Data excerpts:
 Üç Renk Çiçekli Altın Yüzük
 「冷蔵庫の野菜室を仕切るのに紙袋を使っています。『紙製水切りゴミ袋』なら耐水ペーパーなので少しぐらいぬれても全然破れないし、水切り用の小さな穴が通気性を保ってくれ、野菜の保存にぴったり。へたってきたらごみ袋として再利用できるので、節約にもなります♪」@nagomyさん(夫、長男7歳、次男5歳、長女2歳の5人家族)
* * *
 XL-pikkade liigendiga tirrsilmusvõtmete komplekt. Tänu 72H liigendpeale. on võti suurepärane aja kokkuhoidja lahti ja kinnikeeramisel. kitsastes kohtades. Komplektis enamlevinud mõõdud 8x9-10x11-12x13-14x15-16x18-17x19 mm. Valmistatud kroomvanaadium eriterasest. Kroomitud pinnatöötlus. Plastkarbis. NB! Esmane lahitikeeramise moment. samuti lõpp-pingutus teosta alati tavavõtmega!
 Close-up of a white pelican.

Required work: Using the data above, repeat exactly the lines that begin at the line with "XL-pikkade liigendiga tirrsilmusvõtmete" and end at the line with "Close-up of a white pelican.", both ends included.

Response to the exercise:
 XL-pikkade liigendiga tirrsilmusvõtmete komplekt. Tänu 72H liigendpeale. on võti suurepärane aja kokkuhoidja lahti ja kinnikeeramisel. kitsastes kohtades. Komplektis enamlevinud mõõdud 8x9-10x11-12x13-14x15-16x18-17x19 mm. Valmistatud kroomvanaadium eriterasest. Kroomitud pinnatöötlus. Plastkarbis. NB! Esmane lahitikeeramise moment. samuti lõpp-pingutus teosta alati tavavõtmega!
 Close-up of a white pelican.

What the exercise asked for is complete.